● WORK TASK:
Beginning with the line that contains "Geometric Future M5", retype the entries below exactly, ending with the line that contains "Láhev naplňte vzduchovým". Leave out any pictures.

● Stored items:
⁂
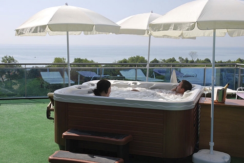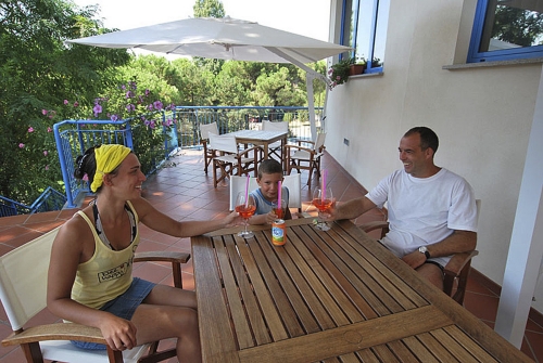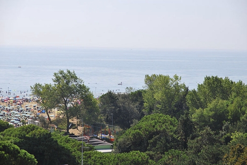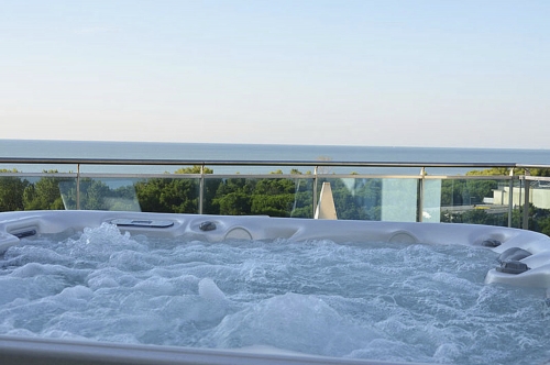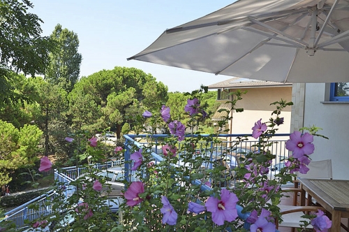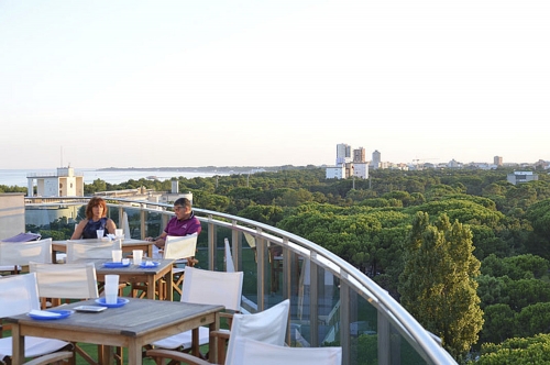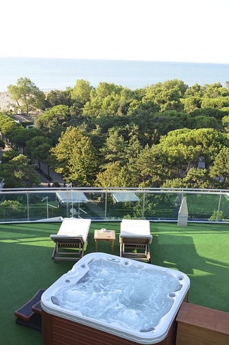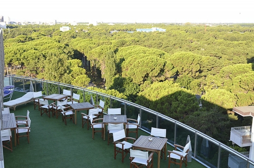 Lobby mit Rezeption, Aufzug, Bar, Speisesaal, beheizter Whirlpool und Sonnenterrasse mit Meerblick im 5. Stock, Liegebetten nach Verfügbarkeit, ohne Gebühr. Parkplätze nach Verfügbarkeit, ohne Gebühr. Parkplatz nach Verfügbarkeit, ca. €12 pro Tag, Juli und August ca. €15 vor Ort. Kleine Haustiere auf Anfrage erlaubt, ca. €10,- pro Tag vor Ort (ohne Futter).
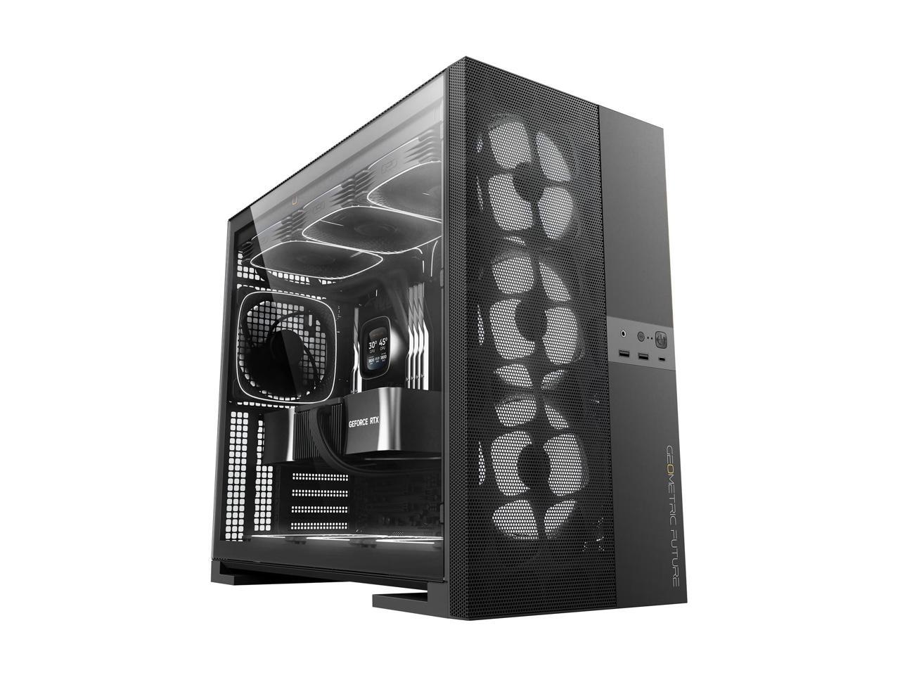 Geometric Future M5 Vent Mesh Panel Tempered Glass Mid Tower, E-ATX/ATX Gaming Case, High Airflow, 1.2mm Steel, Type C, Support 420/360 Radiator, ARGB PWM 140m fan x 5 Pre-Installed, Black, GEO-M5VF-B
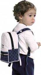 The stroller stands out with its elegant Spanish design featuring quilted details and wood-look handles. It includes a three-point safety belt, soft padding, and a spacious basket for essentials. A stylish backpack is also included, which can be attached to the stroller or worn on the back.
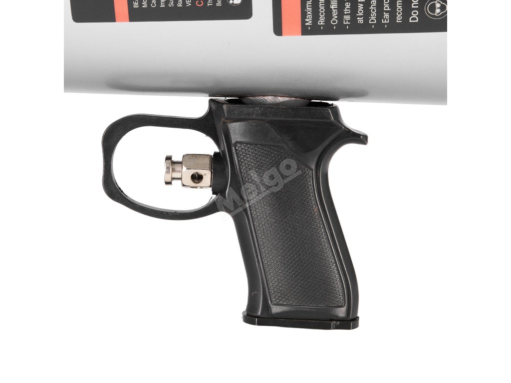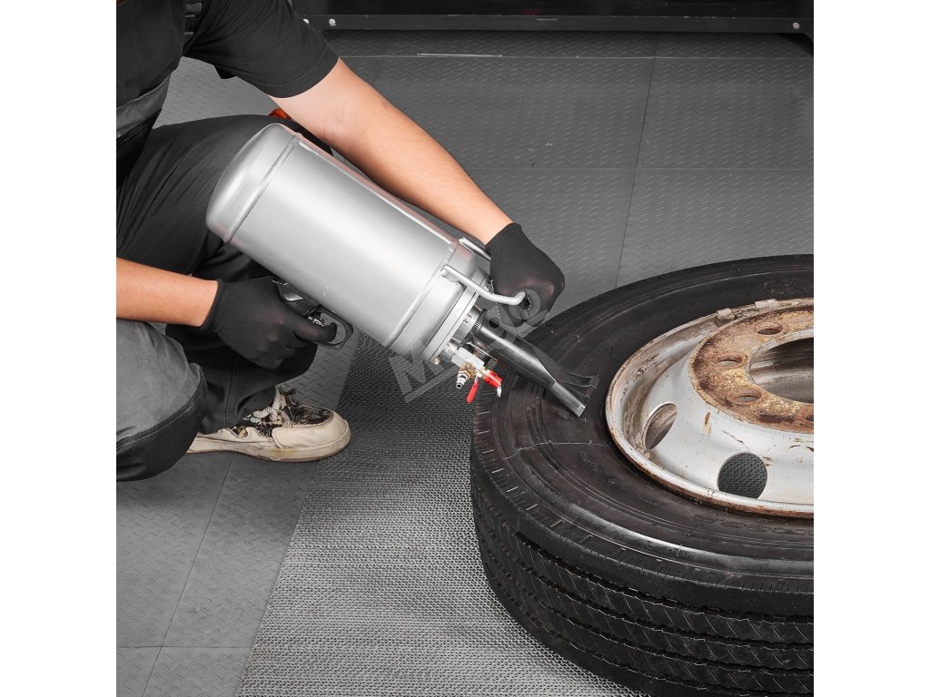 Láhev naplňte vzduchovým kompresorem na pracovní tlak. Umístěte pneumatiku do vodorovné a stabilní polohy, přitlačte trysku k okraji ráfku a spusťte výfuk. U malých pneumatik použijte protiskluzovou podložku, u velkých pneumatik použijte plošinu pro usazení patky.
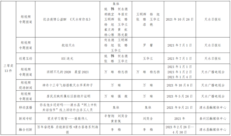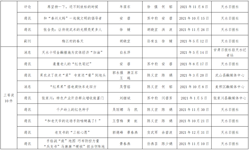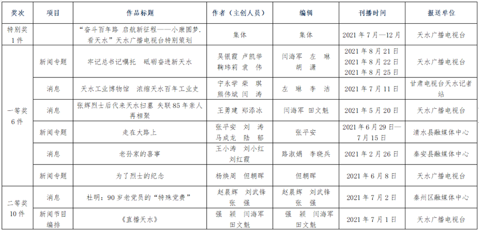 为充分发挥优秀新闻作品示范引领作用,经各新闻单位推荐,天水市新闻奖评委会认真评审,评选出97件作品为第二十五届(2021年度)天水市新闻奖获奖作品(其中,特别奖2件,一等奖18件,二等奖31件,三等奖46件)。
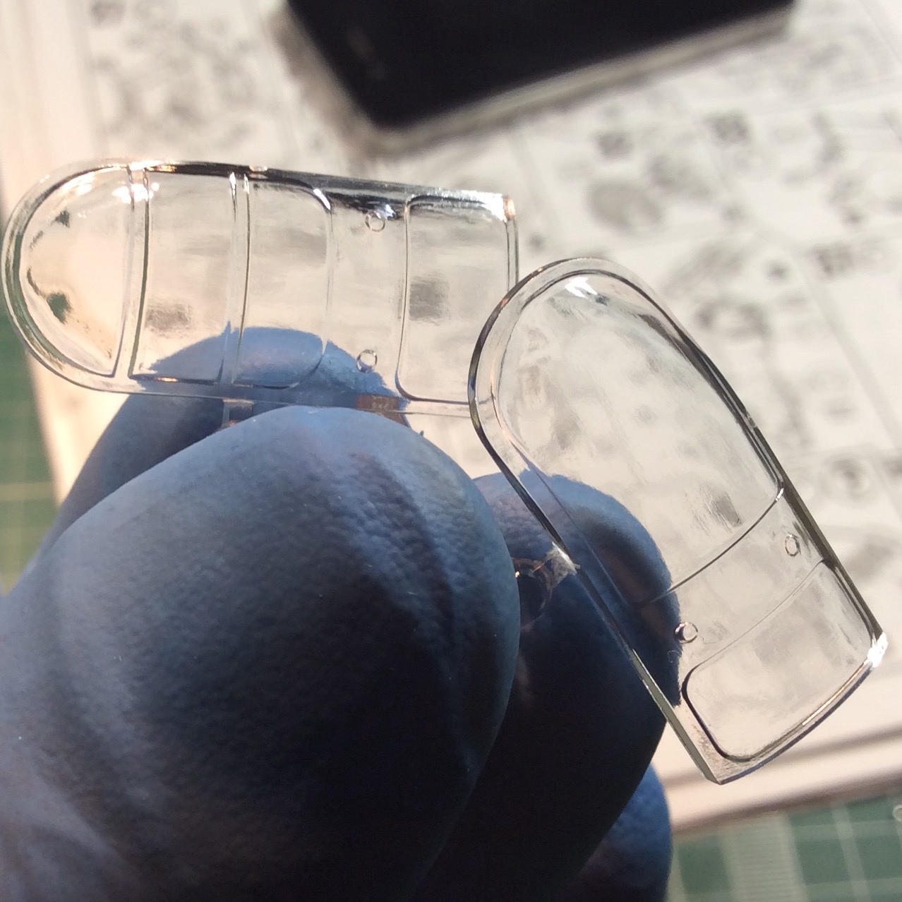 Меня вот технологическо-дилетантский вопрос интересует. Как удерживатьт и обрабатывать пластиковую деталюшку размером до 3 мм? Вот для того-же оснащения кабинета или ещё где-то. В пальцах она буквально теряется, пинцет не удерживает. А её ведь сточить надо, зашкурить.
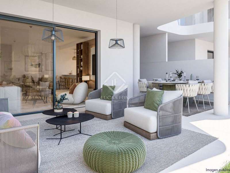 Lucas Fox is pleased to present Lomas del Higuerón 2, an exclusive new build development located in a privileged enclave in Fuengirola, a short distance from the beach on the Costa del Sol. A total of eight buildings are offered at different heights, taking advantage of the slope of the land, so that each of the homes can enjoy exceptional views of the sea. The development puts at your disposal this exclusive penthouse with a large terrace with solarium. The property has a modern design, with colors in neutral and cream tones that maximize the spaciousness and luminosity. The decoration includes noble and natural materials, such as wood and stone. Likewise, it has large floor-to-ceiling windows that allow in abundant natural light. Regarding the layout, it presents a large open-plan room that maximizes space, which integrates the living-dining room with the American-style kitchen with a fabulous central island and access to the terrace. The day area is complemented by a utility room. The night area has a double bedroom , a bathroom to serve the entire property, a second ensuite bedroom and the magnificent main bedroom with its private bathroom, dressing area and access to the terrace. The property is completed with an exclusive terrace with a solarium, with several environments, such as a chill-out area , exterior dining room , hammock area and solarium. The property is not only widely functional, it also stands out for its quality. Its features include lacquered interior doors, built-in wardrobes in the bedrooms, porcelain stoneware floors, a home automation system with smoke detection and a flood sensor controlled via telephone. For greater comfort, it has an underfloor heating system in the bathrooms, with the option of installing it in the rest of the property, hot/cold air conditioning in the living room and bedrooms powered by aerothermics and PVC or aluminum carpentry with Thermoacoustic double glazing with safety glass in areas with risk of impact. The kitchen and bathrooms are fully equipped. The bathrooms include porcelain tiles and Teka or similar brand equipment. The kitchen benefits from having high and low furniture, a Silestone or similar type countertop and paneled appliances with energy rating A: ceramic hob, oven, microwave, extractor hood, refrigerator, dishwasher, washing machine/dryer. Finally, the development is committed to sustainability and respect for the environment, for example, with the installation of charging for electric vehicles, the installation of an aerothermics system for hot and cold air conditioning and the integration of the development into the environment. natural. The development offers its residents access to a series of communal areas such as gardens, several outdoor swimming pools and a children's play area. In addition, the option is offered to choose between three customization models, to select a series of finishes such as flooring or porcelain tiling in the bathrooms. Likewise, the homes are complemented by two parking spaces and the option to purchase storage rooms. Get in touch for more information.
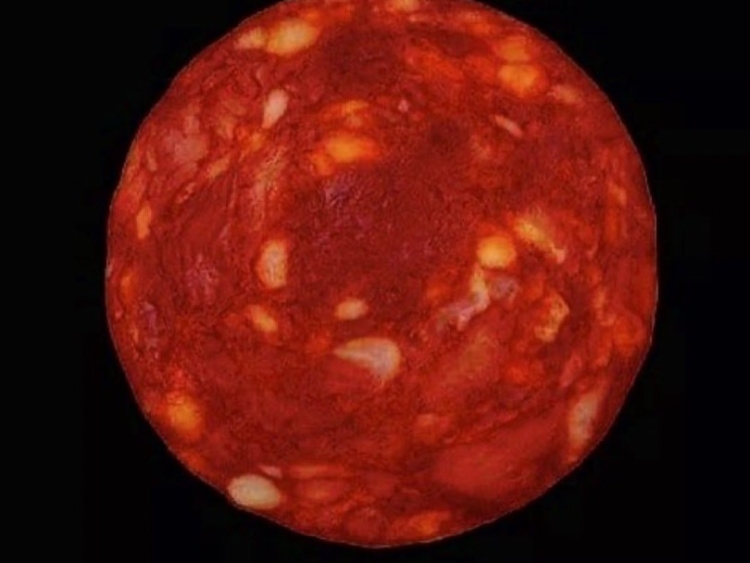 Physicist Etienne Kelin uploaded a photo of a slice of Chorizo, claiming it to be a "photo of Proxima Centauri, the closest star to the Sun, located 4.2 light years from us." The image shows a black, space-like background behind a red object of swirling colours, strange-looking 'gases', and odd markings.
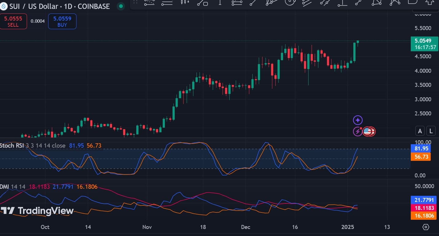 - SUI surged by by 17.85% to hit a new all-time high of $5.03
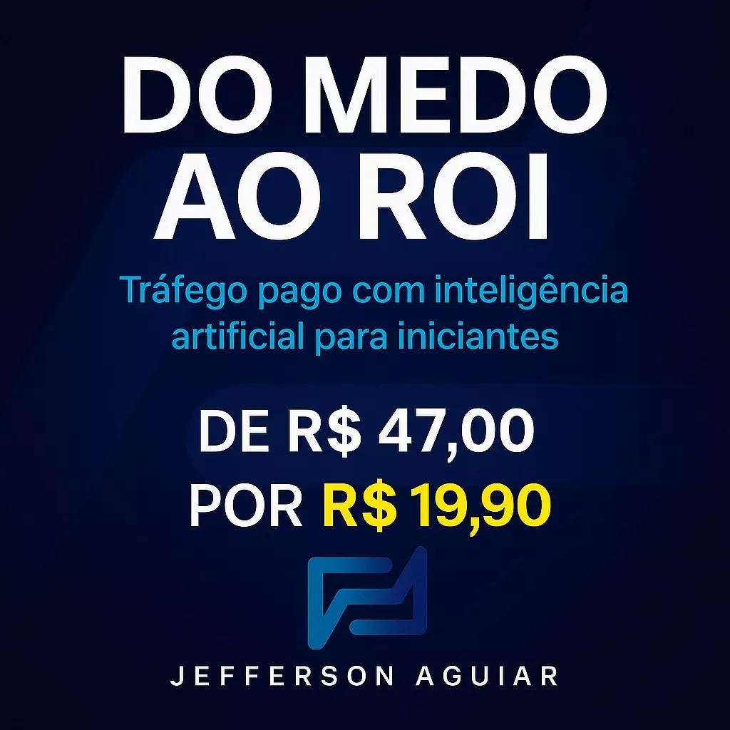 O e-book “Do Medo ao ROI” foi feito para você que quer aprender tráfego pago com segurança, clareza e a ajuda da Inteligência Artificial.
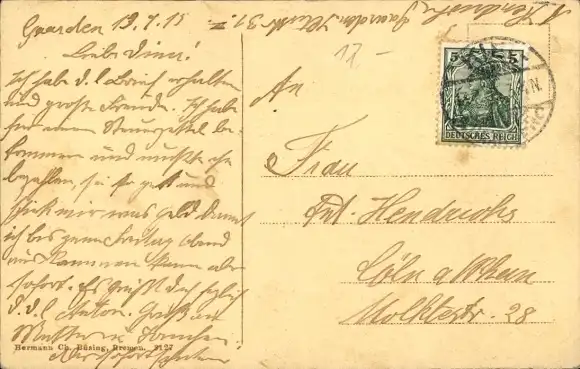 Zustand, siehe Scan, gelaufen, 1915 - ca 14 cm X 9 cm
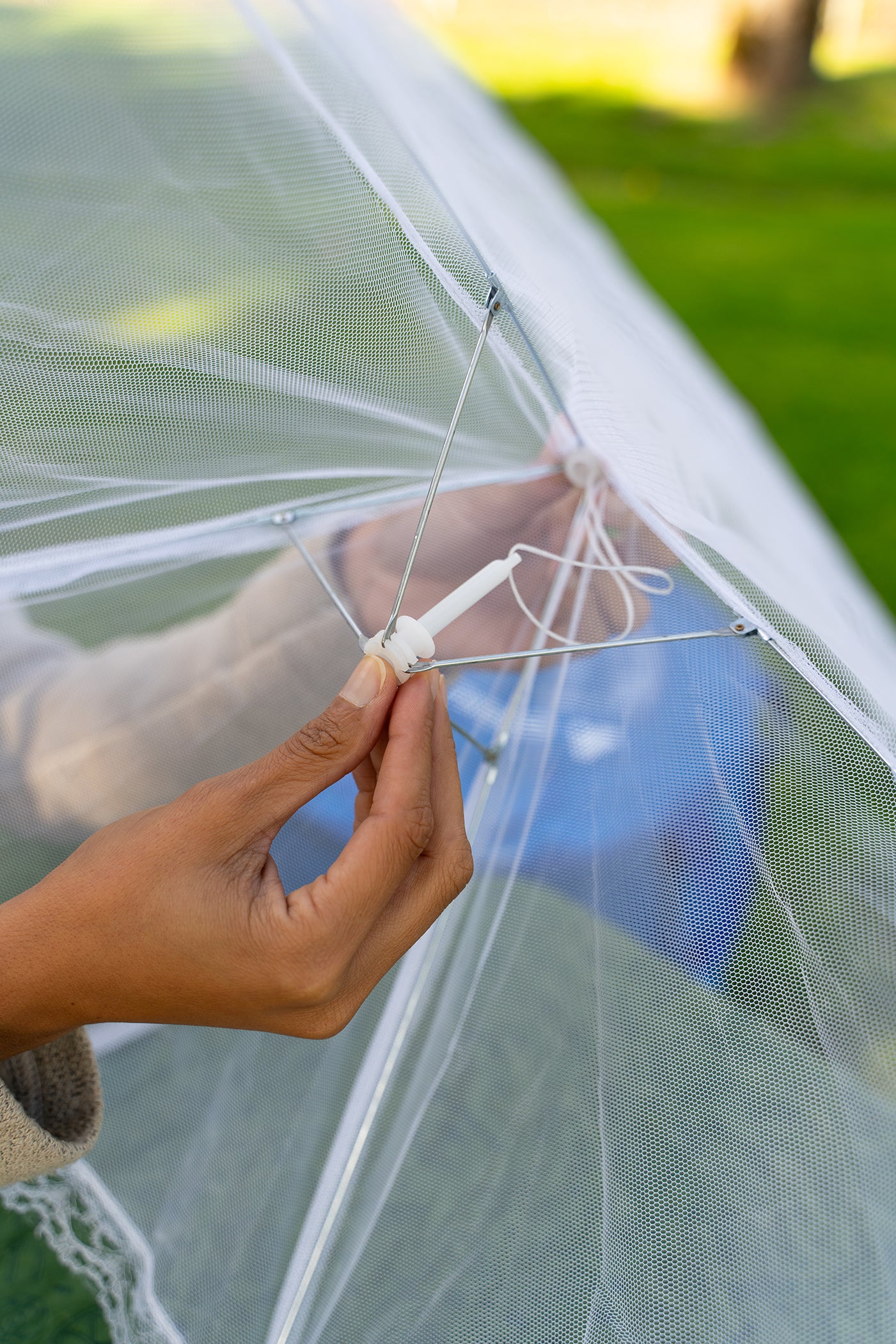- Metal frame opens like an umbrella and holds its shape
⁂
● EXERCISE RESULT:
 Geometric Future M5 Vent Mesh Panel Tempered Glass Mid Tower, E-ATX/ATX Gaming Case, High Airflow, 1.2mm Steel, Type C, Support 420/360 Radiator, ARGB PWM 140m fan x 5 Pre-Installed, Black, GEO-M5VF-B
 The stroller stands out with its elegant Spanish design featuring quilted details and wood-look handles. It includes a three-point safety belt, soft padding, and a spacious basket for essentials. A stylish backpack is also included, which can be attached to the stroller or worn on the back.
 Láhev naplňte vzduchovým kompresorem na pracovní tlak. Umístěte pneumatiku do vodorovné a stabilní polohy, přitlačte trysku k okraji ráfku a spusťte výfuk. U malých pneumatik použijte protiskluzovou podložku, u velkých pneumatik použijte plošinu pro usazení patky.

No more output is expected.